'I call this book Tombstone. It is a tombstone for my father who died of hunger in 1959, for the 36 million Chinese who also died of hunger, for the system that caused their death, and perhaps for myself for writing this book.'
This dramatic paragraph is the start of Mubei (Tombstone), the most authoritative account by a mainland author of the Great Famine of 1959-61, in which more than three times as many people died as in the first world war.
The two-volume, 1,100-page book is a meticulous account of the famine by someone who is particularly well qualified to write it. Yang Jisheng, now 67, joined the Communist Party in 1964, graduated in 1966 from the elite Tsinghua University and joined Xinhua, where he worked for 35 years before his retirement in 2001. He now works as a deputy editor of a Beijing magazine. The book was published in May by Cosmos Books of Hong Kong.

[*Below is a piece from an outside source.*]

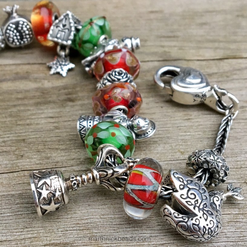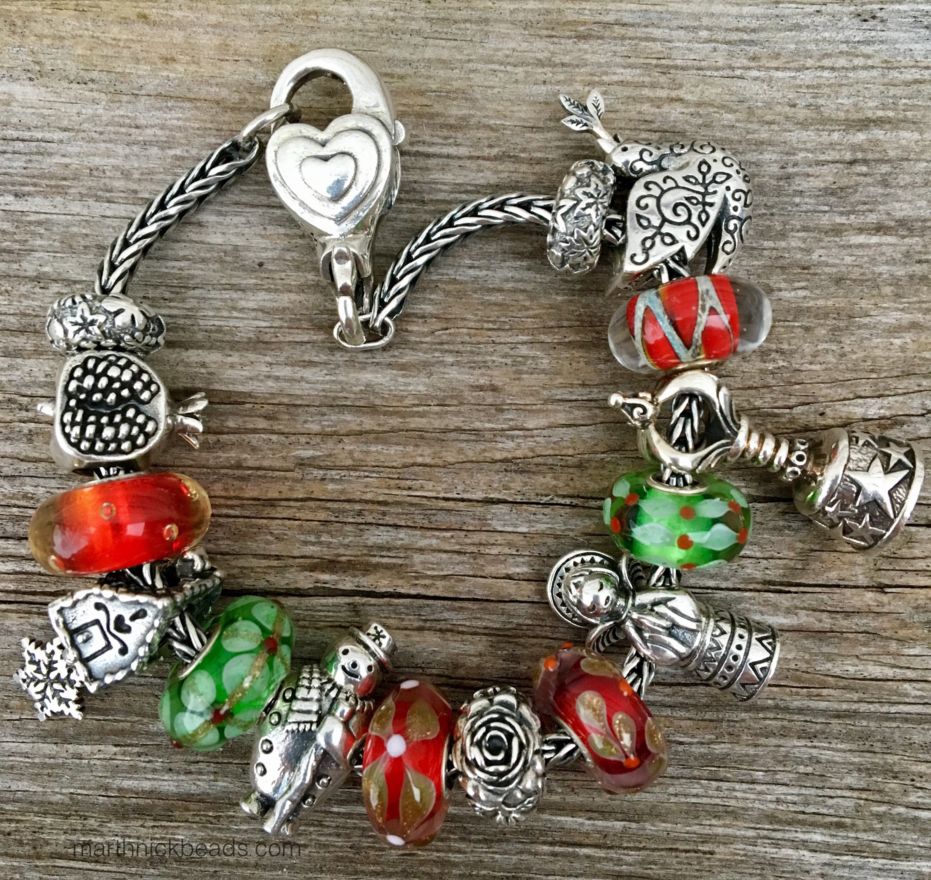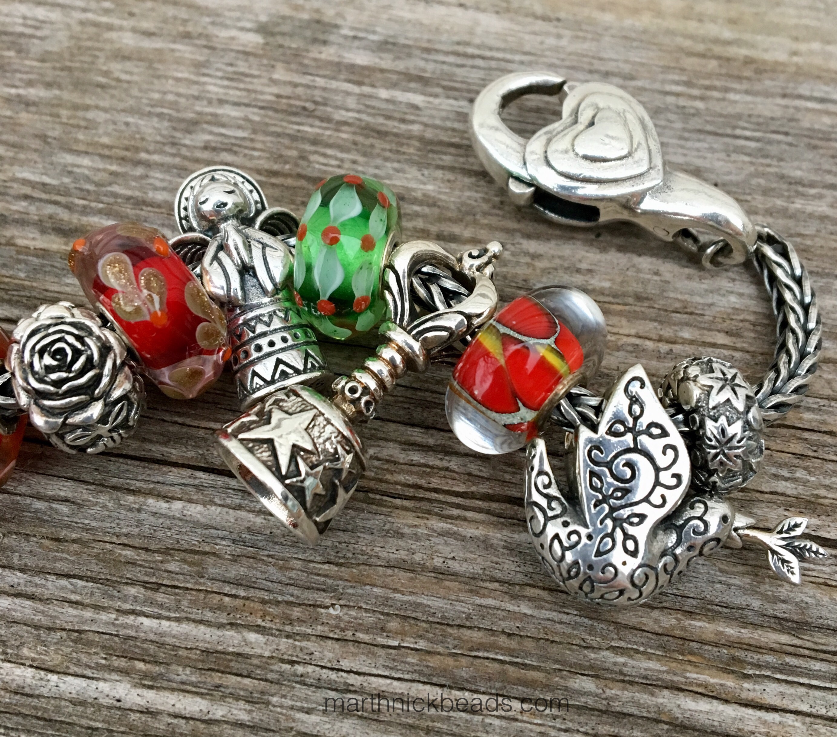 On this bracelet the glass beads are all Trollbeads. The red one on the left is a unique, then the next four are from the Wishes and Kisses Kit and the one on the right is from an older holiday kit that I found somewhere by itself on sale. The silver beads are all Redbalifrog.

In the early 1990s, Yang began travelling the length and breadth of China to interview witnesses, eventually compiling more than 10 million words of records. His identity as a veteran reporter for the country's top news agency gave him access to people, reports, statistics and historical documents that would have been denied to ordinary people.
Each chapter quotes dozens of notes and sources: Yang's aim was to produce an account that is authoritative and can stand up to the challenge of official denial.
The famine has been a taboo subject on the mainland for the past 47 years and cannot be discussed publicly in books, magazines, newspapers, radio, television or the curricula of schools or universities. The official version is that there were 'three years of disasters', during which many people died of natural causes. The details and the number are left unexplained.
Yang's book is banned on the mainland.